Less fireworks on Bandi Chhoor Diwas

This Divali, a cracker of an eco step at Golden Temple 
To curb pollution, SGPC cuts duration of fireworks to a mere 10 minutes

Aiming to check pollution around the Golden Temple, the Shiromani Gurdwara Parbandhak Committee (SGPC) has decided to reduce the duration of fireworks to a mere 10 minutes to celebrate Bandi Chhoor Diwas and Divali on November 13.

The move came after the SGPC failed to find an alternative to the high-altitude fireworks. This is the second successive year when the SGPC has curtailed the duration of fireworks so as to protect the holy shrine from pollution. Last year, the Golden Temple had witnessed fireworks for only 15 minutes on Divali, which was half as compared to previous years. It was for the first time that the SGPC had reduced the duration. Earlier, there used to be a half-an-hour show of fireworks on occasions like Guru Ram Das’s birth anniversary and Bandi Chhoor Diwas.

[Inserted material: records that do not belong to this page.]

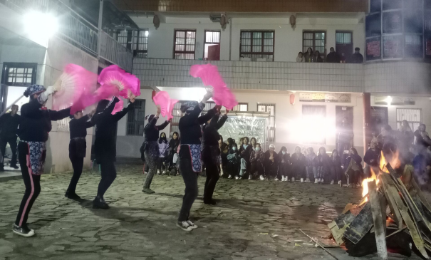 21日晚,得知我们第二天要离开,杨叔一家人特地为本次写生准备了一场具有山里特色的篝火晚会,best365官方网站、宝鸡文理公司的师生们齐聚一堂,大家载歌载舞,让原本寒冷静寂的村庄充满了艺术与情感的气氛。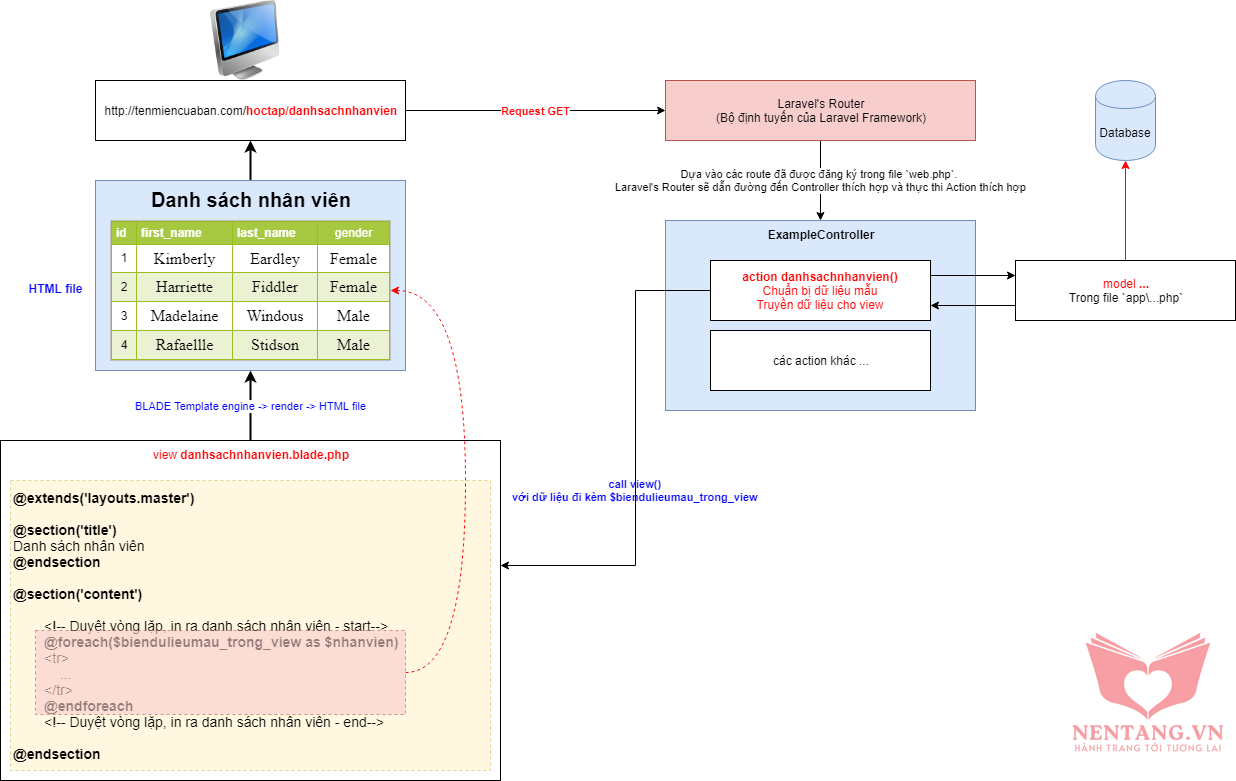 Mô hình hoạt động của /hoctap/danhsachnhanvien: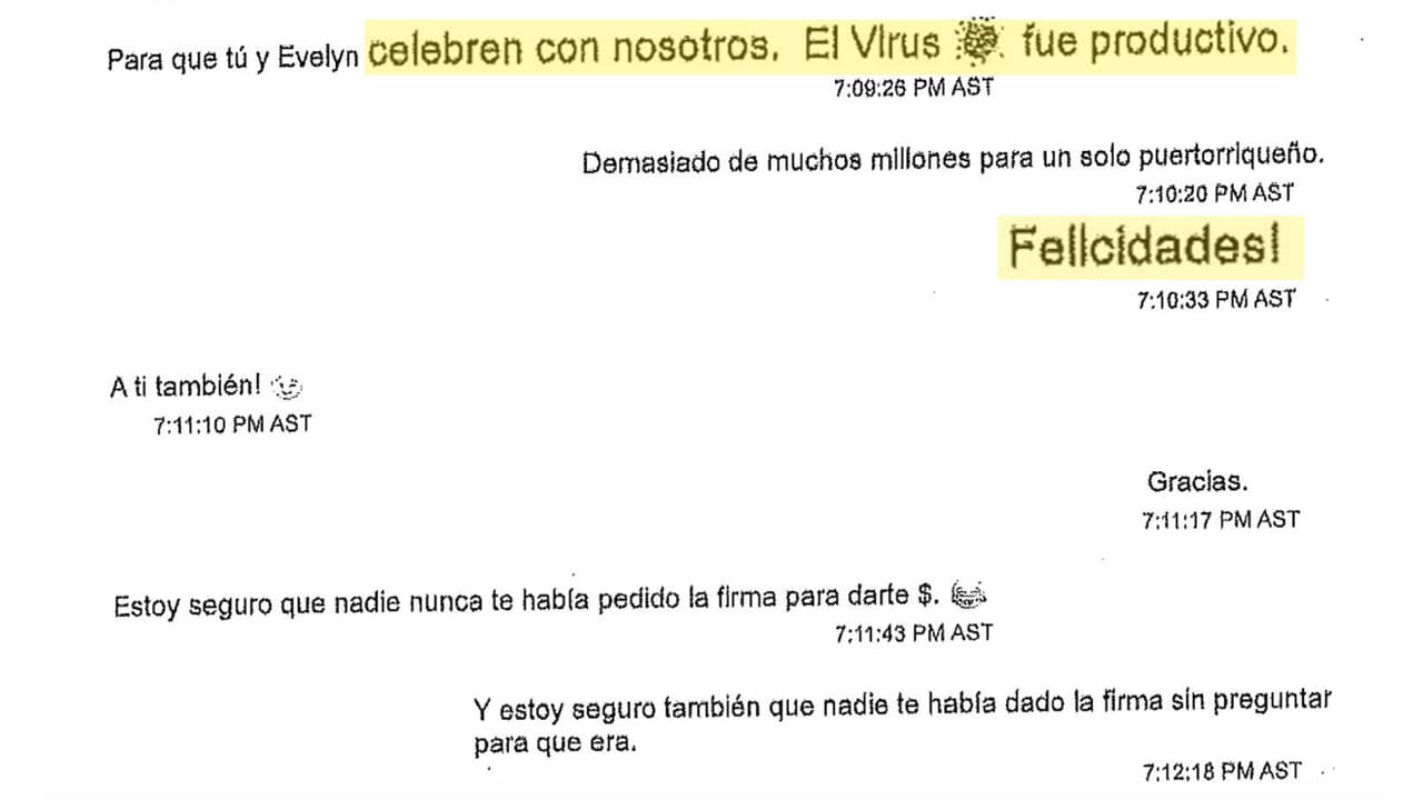 -“Demasiados millones para un solo puertorriqueño”, contestó en otro mensaje de texto Rodríguez López.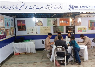 در این غرفه بعضی از محصولات پایگاه اطلاع رسانی دفتر حفظ و نشر آثار حضرت آیتالله العظمی سید علی خامنهای مانند پوستر و اینفوگرافیک توزیع میشود.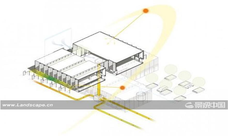 無論是在實(shí)施層面還是在概念層面,泊車花園的設(shè)計(jì)都將作為文化中心回歸周邊社區(qū)的一種途徑。通過提供泊車區(qū)域和種植空間,這里會(huì)擁有一年一度的收獲季,植物的自然生長也使得空間充滿了愉悅感受。這條設(shè)計(jì)策略也削弱了硬質(zhì)屋頂與泊車區(qū)域?qū)幼∩鐓^(qū)視覺效果的負(fù)面影響。

Confirming the development, Golden Temple manager Harbans Singh Malhi said, “We have gradually reduced the duration from half an hour to 15 minutes and now to 10 minutes.” He said the fireworks will take place at four spots: two locations close to Ghanta Ghar and one each near Sikh Reference Library and Darshani Deodhi.

Malhi, however, clarified that their attempt to look for a better alternative to high-altitude fireworks was still on. “We are in touch with various Sikh organisations abroad and they are helping us in exploring options that will ensure minimum pollution,” he added. The Punjab Pollution Control Board had last year advised the SGPC to ban bursting of firecrackers at the Golden Temple Complex. However, the SGPC had said that they could not discontinue fireworks altogether as it was the traditional way to celebrate the occasion and the devotees sentiments were attached to it. Though the local administration in the past had initiated various measures like banning coal-run hearths being used by goldsmiths around the shrine and providing LPG connections to them, a lot still needs to be done to make the vicinity of the shrine smoke-free.

While the number of private vehicles plying in the area is also high, the rickety auto-rickshaws running on adulterated fuel also pose a severe threat to the Golden Temple. The SGPC too is initiating measures like modernising its ‘langar’ facility in a bid to curb pollution.